The solution says that
Since this deletion is at the end of R this is just a simple O(1) resize operation.
However, according to https://m.cplusplus.com/reference/string/string/resize/ the time complexity of string::resize is linear in the new string length. Ben Voigt confirms this in Why is string::resize linear in complexity?.
Also, in the solution the code involves using string::substr to double check if the end of R and T match (since hash(the end of R)==hash(T) does not guarantee the end of R equals to T):
/* If the end of R and T match truncate the end of R (and associated hash arrays). */
if (hsh == thsh && R.substr(R.size() - T.size()) == T) {
//...
}
Once again, https://m.cplusplus.com/reference/string/string/substr/ says that string::substr has linear time complexity.
Even if string::substr wasn't linear, then comparing the two strings directly would still cause the comparison to be linear in the size of T.
If this is true, wouldn't the time complexity of the solution be at least O(S.length()*T.length()), instead of O(S.length()) (according to the solution)? Any help is appreciated!
CodePudding user response:
string::resize
isn't always linear. If you're expanding a string, it's linear on the number of characters copied, which is potentially the total number in the resulting string (but could be less, if the string already has enough space for the character(s) you add, so it only has to write the new characters).
Using resize
to reduce the size of a string will normally take constant time.

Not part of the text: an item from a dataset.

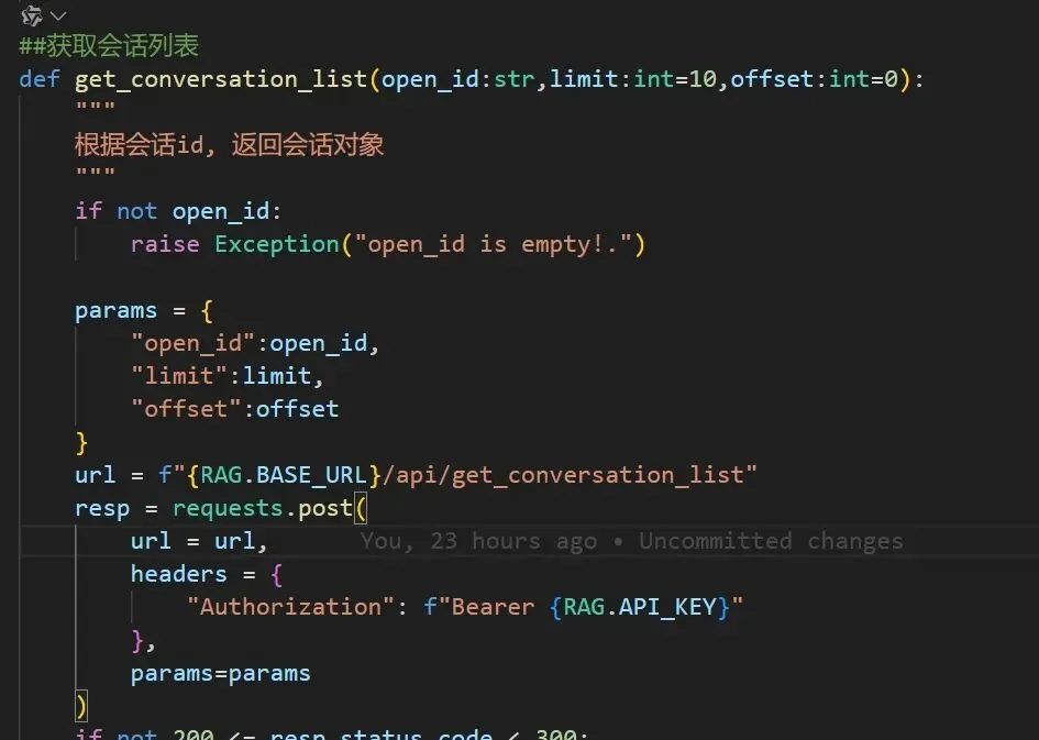 注:这个是post传输,需要注意一下。接下来,ragflow里增加个方法,如下:

In simplified form (and Leaving out a lot of other "stuff") string
can look something like this:
template <class T>
class string {
char *data;
size_t allocated_size;
size_t in_use_size;
public:
void resize(size_t new_size) {
if (new_size < in_use_size) {
in_use_size = new_size;
data[in_use_size] = '\0';
} else {
// code to expand string to desired size in O(n) time
}
}
// ...
};
So although it'll be linear when expanding the string, it'll typically have constant complexity when reducing the size.
As for using substr
, yes, in the case where the hashes match, substr
itself will be linear (it creates a new string
object) and you're going to do a linear-complexity comparison. I'd guess they're pretty much just presuming hash collisions are rare enough to ignore, so for most practical purposes, this only happens when you have an actual match.

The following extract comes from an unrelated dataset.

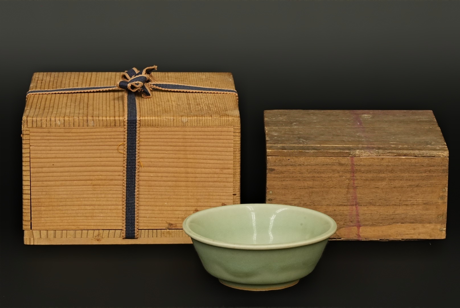 923 南宋 龙泉青瓷盏 日本双重箱附

CodePudding user response:
Since Jerry Coffin already gave you a really good answer to the rest of your question, I will take a stab at:
Even if string::substr wasn't linear, then comparing the two strings directly would still cause the comparison to be linear in the size of T.
If this is true, wouldn't the time complexity of the solution be at least O(S.length()*T.length()), instead of O(S.length()) (according to the solution)? Any help is appreciated!

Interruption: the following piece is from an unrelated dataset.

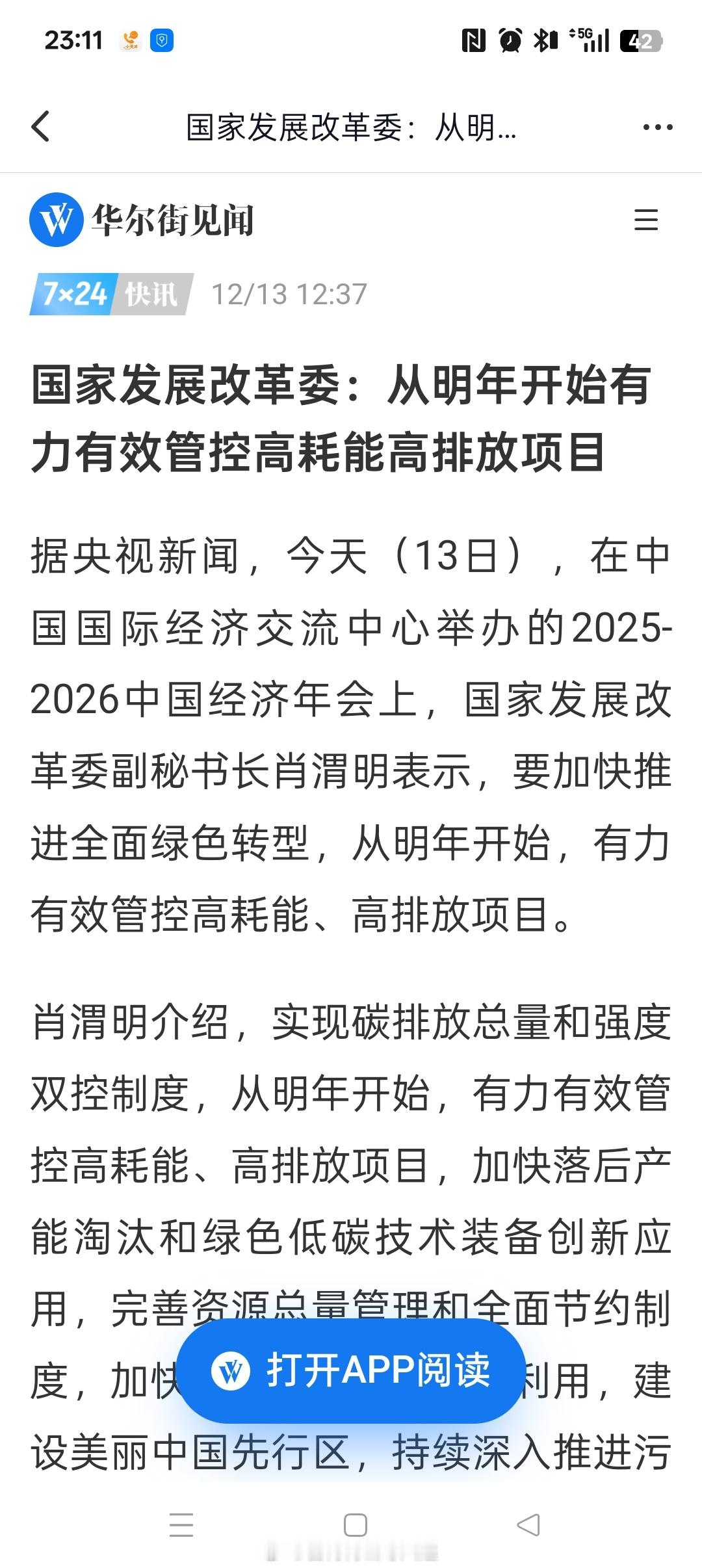 【国家发展改革委:从明年开始有力有效管控高耗能高排放项目】据央视新闻,今天(13

The justification here is stated (per your link) as:
It's ok (and preferable) to do a full string comparison in case the hashes match to ensure that the strings really do match. Since they do with high probability we can amortize this against the length of R that we'll delete.
So what does it mean to "amortize" this part? Because you are right, the string comparison is linear in T, and if the algorithm did a comparison for each element of S, then the time complexity would be O(TS).
The best way I have of thinking about amortization is to ask the question: "How many times do we touch each element?"
Again, if there was a T-character string comparison for each element of S, then we would touch element i once for each element of T as T slides across the string S. Then there might also be a deletion of i at some point, but unless you can say something smart about that, then that does not help much (if we know nothing, then either assume worst case: T 1 touches = O(T), or take the average: (T 1)/2 touches = O(T)) Which would mean that with S elements that are each touched O(T) times, total time complexity = O(TS).
But that is not the case here. Since we only do the comparison when there is a hash-match, and since they claim that false matches are so rare that we effectively only get a hash-match when there is an actual match (this claim may or may not be true, that would require an investigation into the hash algorithm), then the logic changes:
If we only do a string comparison when there is a match, and thus just before deleting the characters we compare against how many times do we now touch element i?
i is now touched once for a comparison, and then immediately after for a deletion - and then it is gone and never touched again. That makes it constant time per element O(2) = O(1), and thus only linear in the number of elements, total time complexity = O(S).